In view of the key role of both IL1 and TNFα in the activation cascade of proinflammatory cytokines, a combined strategy with such monoclonal antibodies or soluble receptors might prove even more potent. Such effect has already been demonstrated with other combinations in animal in vivo and human ex vivo models where TNFα and IL1 share properties with specificities for each cytokine.18,19


In chronic inflammation, in vivo studies have shown that peripheral monocytes secrete IL1β, migrate into the inflammatory site, and then differentiate into macrophages that express membrane bound IL1α. As membrane expression of an antigen increases its antigenicity, this might contribute to the higher incidence and levels of anti-IL1α but not of anti-IL1β antibodies. Furthermore, in RA synovium, cells at the cartilage-pannus junction highly express IL1α but not IL1β,20 the latter being predominant in blood. Anti-IL1α antibodies may act upstream of the cascade of proinflammatory cytokines where IL1 induces the production of IL6, IL8, and granulocyte-monocyte colony stimulating factor, its blockade leading to an anti-inflammatory effect. Finally, administration of anti-IL1 antibodies prevented both early and late stages of arthritis in mouse models.21 Recent studies with knockout mice for IL1α and IL1β have indicated that both forms contribute to arthritis.22


The other regulators of IL1 are IL1ra and soluble IL1 receptors. IL1ra circulating levels are regulated like an acute phase protein.23 Increased inflammation leads to an increased production of IL1ra. Accordingly, levels of IL1ra are positively correlated with indices of severity. Part of this effect is genetically controlled at the level of IL1. Indeed, patients with the rare allele for one IL1β gene polymorphism have a more active and destructive disease associated with levels of circulating IL1ra lower than expected from the degree of inflammation.24

Cell response to IL1 is controlled by two types of receptors. Interaction with membrane type I receptors leads to signal transduction and biological effect.25 Conversely, type II receptors do not transduce any signal but are rather secreted, acting as an inhibitory decoy receptor.26 Levels of soluble type II IL1 receptors correlated positively with indices of activity and severity.27 This was not seen with type I soluble receptors. Accordingly, as for anti-IL1α antibodies, administration of type II soluble receptors may represent a therapeutic approach for RA.
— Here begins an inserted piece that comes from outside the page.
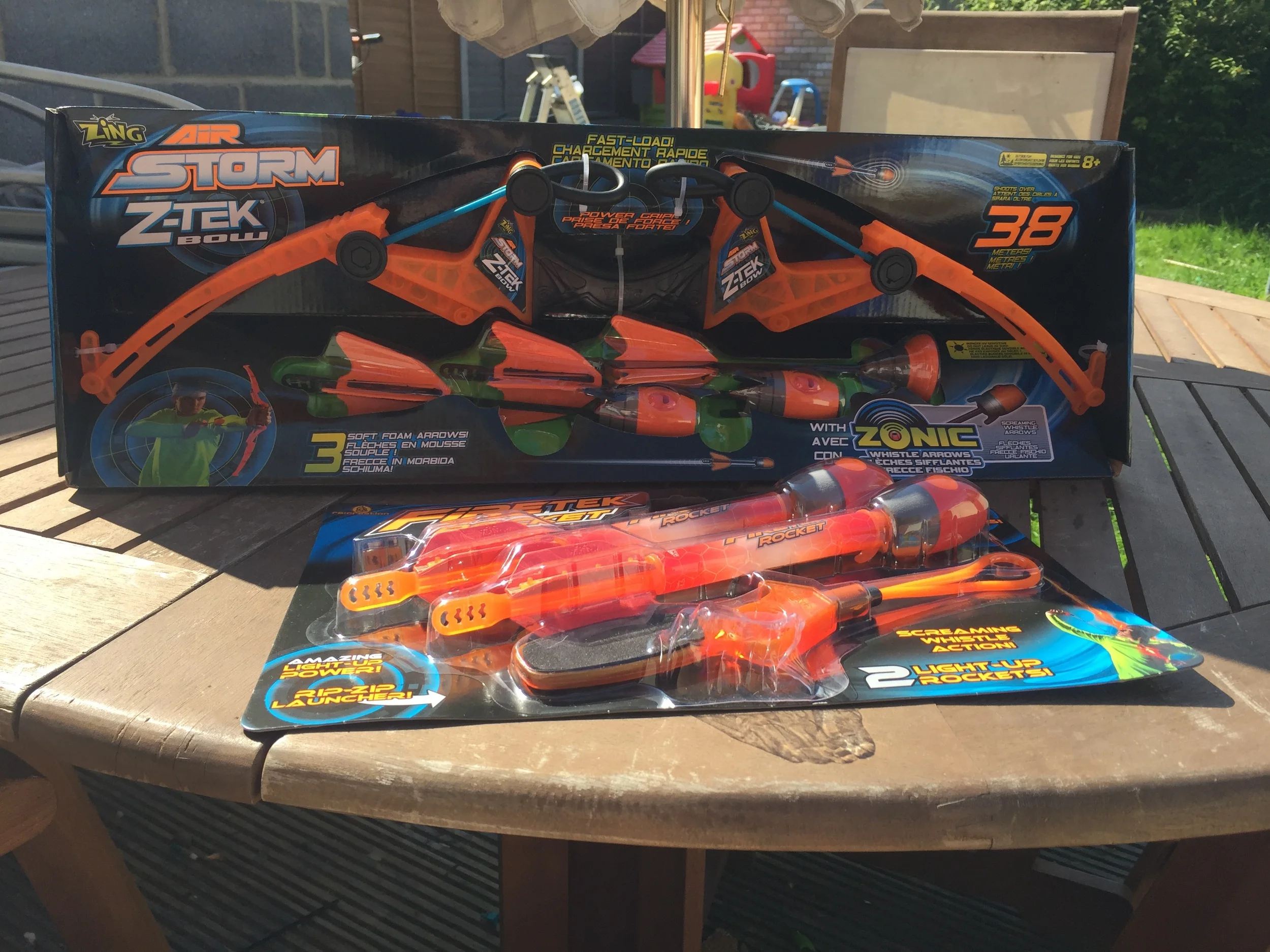 And they have been enjoying the new Air Storm toys - we were sent the Air Storm Z-Tek Bow and Air Storm Firetek Rockets for review:

The concepts developed above in clinical studies, combined with the availability of a human antibody, are strong arguments for the use of this tool for treatment. As described for an anti-TNFα monoclonal antibody now approved for this indication, clinical trials could evaluate the potential benefits associated with anti-ILα antibodies. One is thus surprised to see that such an antibody has not yet been used in this way. It seems that an unresolved patent issue has been interfering with the clinical development of antibodies as inhibitors of IL1. New confirmatory evidence may push the decision forward.

Another method might be the induction of these protective antibodies. The antigen might be inactivated IL1α itself or derived peptides. It remains to be seen if the genetic control described above represents a limitation of, or a justification for, treatment.